::: Source material
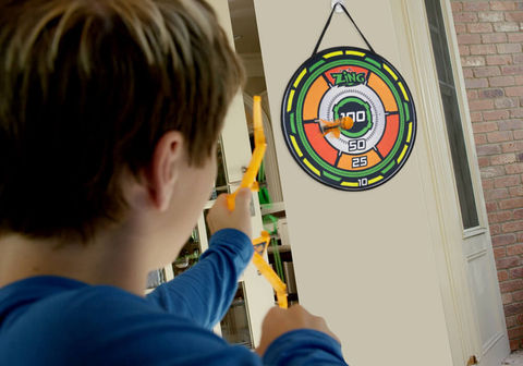 The Air Storm Bullz Eye Bow brings ultimate fun. Hook the arrows in the fast load loops then ready, aim, and fire! The unique delivery mechanism allows for supreme accuracy while launching soft, safe arrows over 35 feet. Set up your own targets for practice, or go all out in an archery battle!
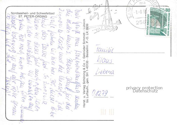 74027123 alte Postkarte St Peter-Ording Nordseeheil- und Schwefelbad Kuestenpanorama postalisch gelaufen Fliegeraufnahme Erhaltung siehe scans [FriedD77] KatCode: 11110001054113
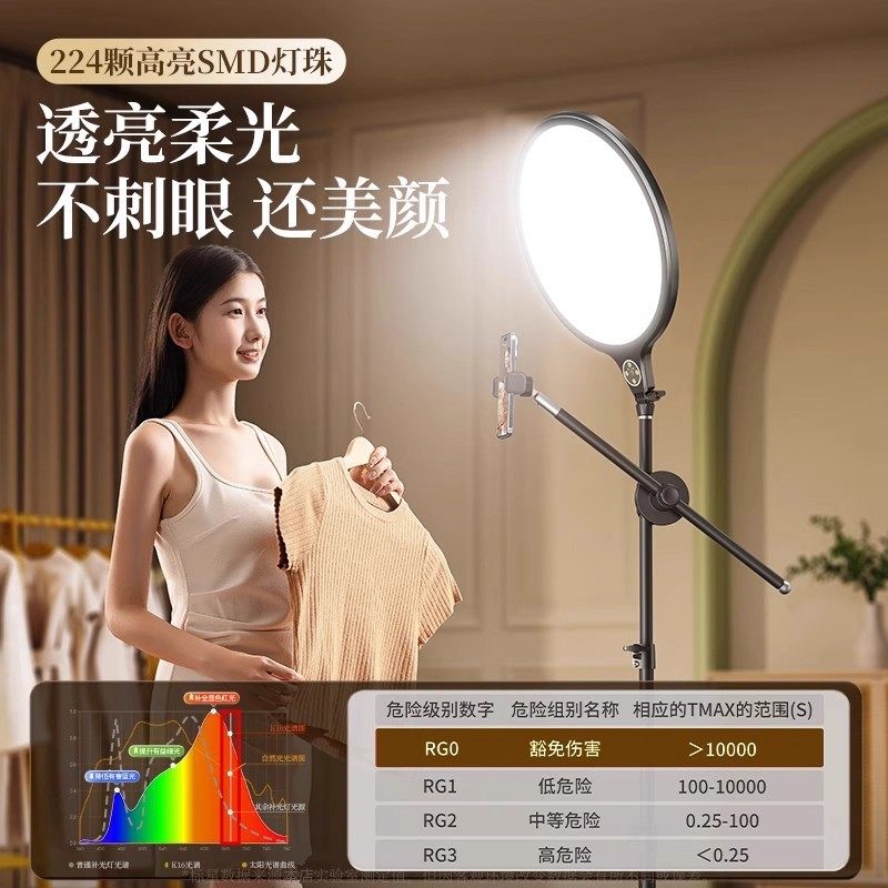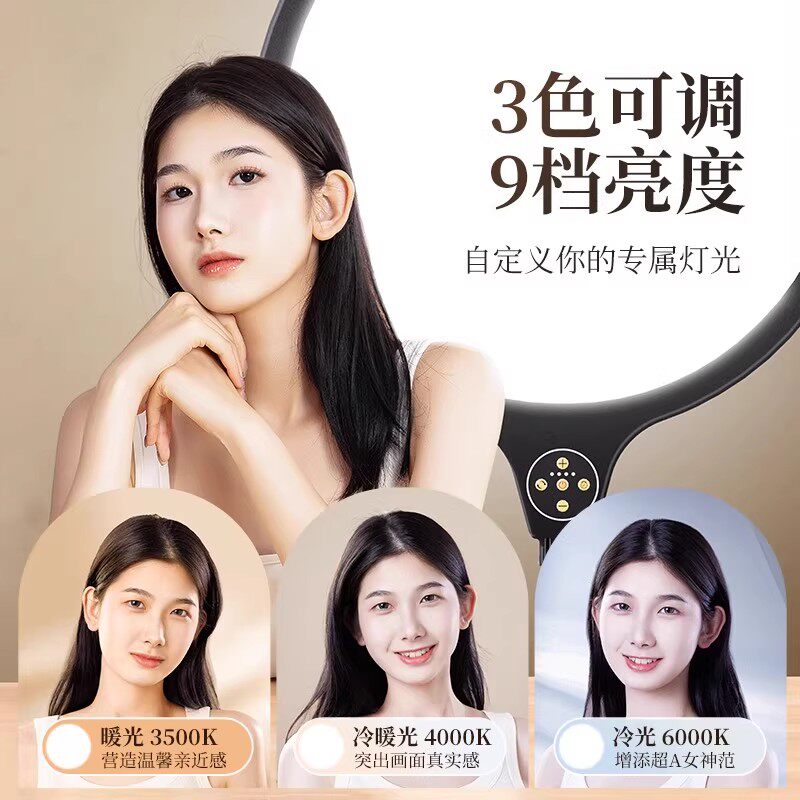 直播补光灯专用面部灯光专业直播间面光柔光灯主播手机桌面落地美颜灯室内打光灯拍照摄影拍摄全面屏环形支架
::::::
What this task involves> Return the material above verbatim, minus the pictures.

Answer to this exercise>
 The Air Storm Bullz Eye Bow brings ultimate fun. Hook the arrows in the fast load loops then ready, aim, and fire! The unique delivery mechanism allows for supreme accuracy while launching soft, safe arrows over 35 feet. Set up your own targets for practice, or go all out in an archery battle!
 74027123 alte Postkarte St Peter-Ording Nordseeheil- und Schwefelbad Kuestenpanorama postalisch gelaufen Fliegeraufnahme Erhaltung siehe scans [FriedD77] KatCode: 11110001054113
 直播补光灯专用面部灯光专业直播间面光柔光灯主播手机桌面落地美颜灯室内打光灯拍照摄影拍摄全面屏环形支架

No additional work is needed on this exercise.